Today I overheard a conversation between my kids. I overheard my 13 year old daughter telling my 15 year old son, “Daniel, you probably want to wait. The brownies will be out of the oven in 5 minutes.” I walked in to the kitchen and Daniel was pouring chips from a paper plate back into the chip bag. I asked him what was up and he said that he wanted to eat the brownie instead of the chips, so he was going to wait for the brownies to come out of the oven and then to cool.
The really bizarre thing is…the way *I* was raised, I would have eaten the chips and *then* also eaten the brownies. But it occurred to both of my kids without them having to think about it to “spend” their hunger on a brownie.
I know that they have gotten frustrated over the years with me and my Thin Within talk…I have been so immersed in it all working with Judy and Dr. Arthur and then the Thin Within company…and there are times when they will say, “But WE don’t *want* to wait to go out to eat because WE are hungry NOW!” and make me realize that I have been quite self-centered in assuming others don’t care about hunger or not and that they would wait for me because *I* care…well, they have too…and they like to eat “pleasers” when they are hungry…Well, brownies definitely seem to fit into that category for all of us.

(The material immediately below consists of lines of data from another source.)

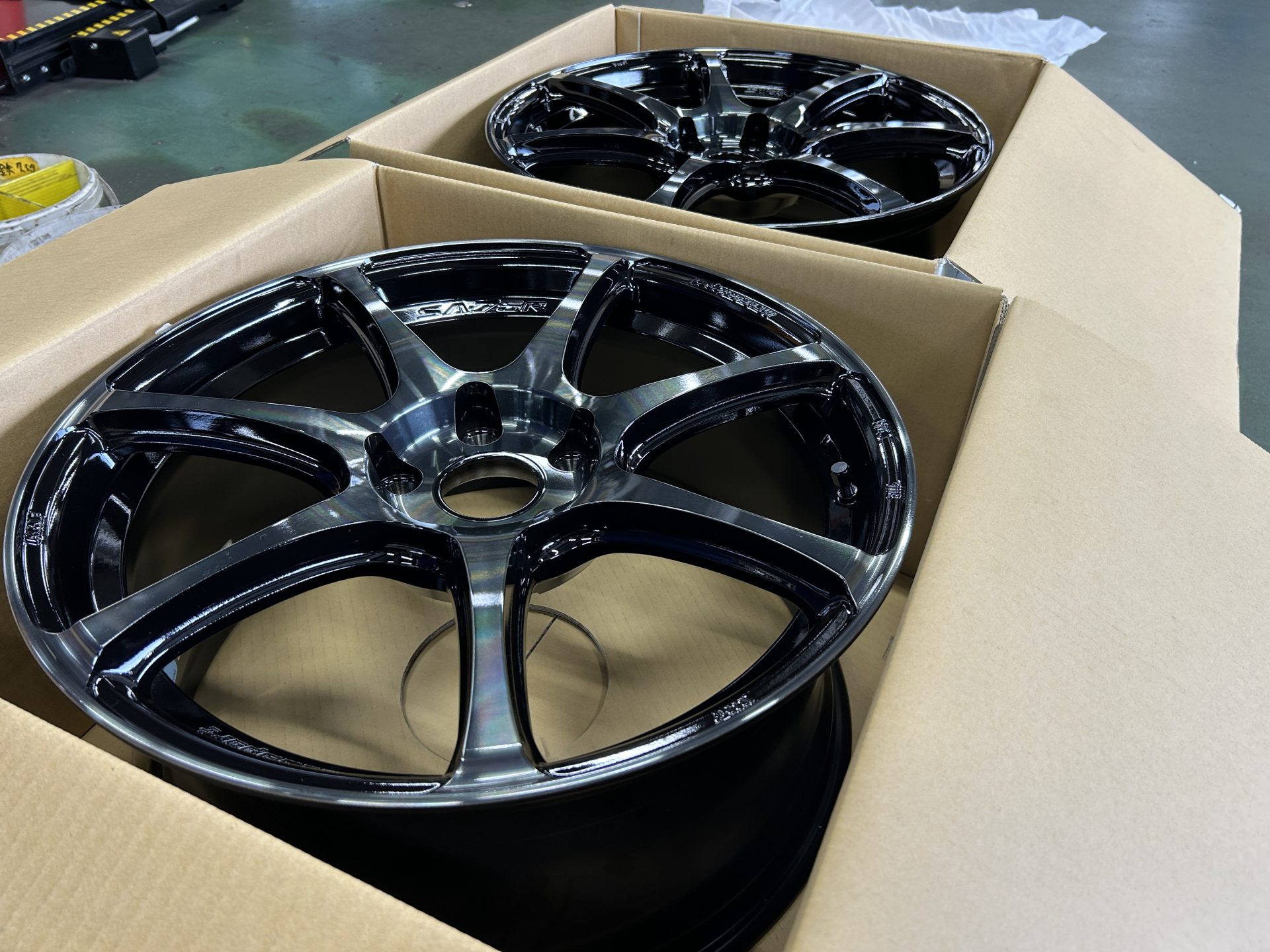 ブラックの塗装をベースに、スポークの天面切削後、少し青み掛かったカラークリアーを全塗装!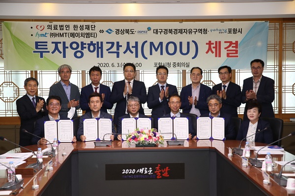 [½Ã»çÄÚ¸®¾ÆÀú³Î=À̵¿¿ì ±âÀÚ] Æ÷Ç׽ô 3ÀÏ Æ÷Ç×½Ãû¿¡¼ °¼ºÁ¶ °æºÏµµ ÇàÁ¤ºÎÁö»ç, ±èÁøÇö ´ë±¸°æºÏ°æÁ¦ÀÚÀ¯±¸¿ªÃ»Àå Á÷¹«´ë¸®, ÀÇ·á¹ýÀÎ ÇѼºÀç´Ü ÀÌ»çÀå, (ÁÖ)HMT ´ëÇ¥ÀÌ»ç µî 15¸íÀÌ Âü¼®ÇÑ °¡¿îµ¥ 2°ÇÀÇ ÅõÀÚ¾çÇØ°¢¼(MOU) ü°á½ÄÀ» °¡Á³´Ù°í ¹àÇû´Ù.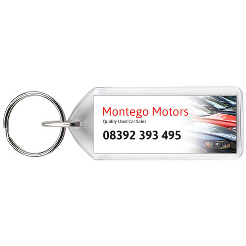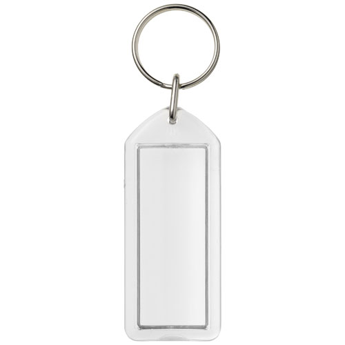 Prostokątny breloczek F1 z metalowym pękiem na klucze. Ten brelok można otwierać za pomocą monety. Metalowy pierścień cechuje płaski profil, który idealnie nadaje się do wysyłek. Wymiary wkładu do druku: 5,0 cm x 2,0 cm.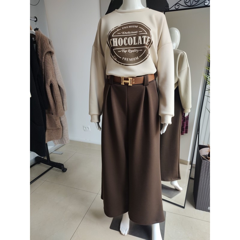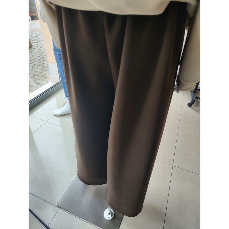 Butter-like, wide-leg trousers with a belt - chocolate brown

I know that some will think I shouldn’t let my kids eat whenever they want and have things like chips and brownies around the house…but well…my kids are both naturally thin and they come from “chubby” stock…my husband and I were both “husky” kids. My kids look nothing like my husband and I did…we both were raised in restrictive environments food-wise. Me, excessively so…I have reacted to the dysfunctions that came out of my past and all my eating/food/self-image struggles by wanting to raise my kids opposite of the way I was raised. When it comes to being thin, they are there without thinking about it. I don’t know if it will always be that way…
But I am pleased that they both can stop in the middle of a meal, throwing away food they are no longer hungry for.
Today, my kids were blessing me folding laundry while I was doing some nasty yucky cleaning preparing for a big doo we are having on Thanksgiving Day. My 13 year old daughter came out and said, “Ok, Mom…that does it! I thought TWO pair of YOUR jeans were MINE!” I told her that I was flattered…she said, “No, Mom…it is just plain SCARY.”
Big grins coming from me today on that one.
Even if she only made it up to compliment me. It makes me smile.